Sills describes the final look as "a rockstar palace, but with some class." He proposed publishing it in Architectural Digest. "She said, 'Oh, do you think they would?' I said, 'You on the cover? Yeah.'"
"When I met her, she was at the height of her fame and power, but she was so modest," he recalls. "What always struck me, even to the end, [is that] she knew she was a superstar and she saw her success, but it didn't really hinder her. She had to work and she wanted to be a great star."
Even after the project was complete, the friends stayed close. Stills visited Turner in Europe regularly and offered advice on the decoration of an estate she'd bought on the shore of Lake Zurich in Switzerland.
Turner also visited him at home in Bedford, New York. When Tina — The Tina Turner Musical was debuting on Broadway, she and her husband Erwin Bach stayed in his guest house for weeks and Sills threw a party to celebrate for a cast of their international friends.
One of those guests was Sills' neighbor — Martha Stewart.
After a snafu with the catering, Sills says, "I asked Martha to help me, and she got me her chef Pierre and we did it and had a great crowd." But when guests started arriving and Turner had still not appeared, the pair went to retrieve her from the guest house where she was napping.
"She was in bed with the covers up to her head. And I said, 'Hon, this is Martha Stewart. People are coming, darling. Come, let's get ready and go over." But before Turner could get up inspiration struck. "I said, 'Can I take a picture of both of y'all together?' She said, 'Sure, let me get dressed.' I said, 'No, just stay in bed. Martha, go over there.' I pulled back the cover and I said, 'Get in like you're in bed with her. Pull the sheet up so you look like her.' And I took it." Martha posted it that night. She told me, 'I've already got 7,000 likes in the past 20 minutes!'"
Stewart reposted the funny photo in memory of Turner on Wednesday.
Sills also took on a special project for Turner in Tennessee. When he learned that her childhood schoolhouse in Nutbush was going to be torn down, they worked together alongside the West Tennessee Delta Heritage Center to relocate it and turn it into a museum about Turner's life and music, the Tina Turner Museum at Flagg Grove School, which is open to visitors.
In Turner's final years, Sills continued to visit her and Erwin in Switzerland through what a representative for the star described as "a long illness."
"I saw her six months ago. I went over there and stayed two days and two nights and we went out to dinner and everything," he recalls. "She seemed great, but I really think it was ... she wanted to go. She told me that two years ago. She said, 'Stephen, I'm ready to go anytime. I'm not scared of death. I've had a wonderful last part of my life and I've enjoyed it, but I'm tired.'"
They had been planning another visit when he learned of her death. "It just shocked me," he tells PEOPLE. "I'm just trying to get a grip on it."

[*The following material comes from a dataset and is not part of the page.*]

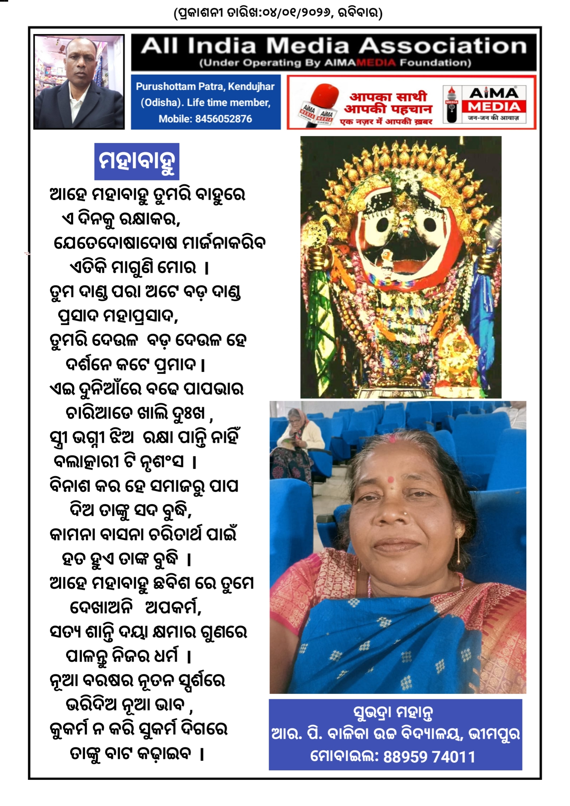ମହାବାହୁ - ସୁଭଦ୍ରା ମହାନ୍ତ ଙ୍କ ଦ୍ଵାରା ରଚିତ କବିତା।

Still, Sills remembers his friend well.
"She was such an amazing friend and she had such a force of creativity. She loved beauty. We had that in common. She was a real lady and she was very refined. The Tina Turner persona of performing, that was a made-up person. She created that and it was a beautiful image, but she was absolutely positive and energetic and interested and curious. She was just an amazing person."
He adds, "I have known so many extraordinary persons, but I'd have to say she was my favorite person I've ever met in my life."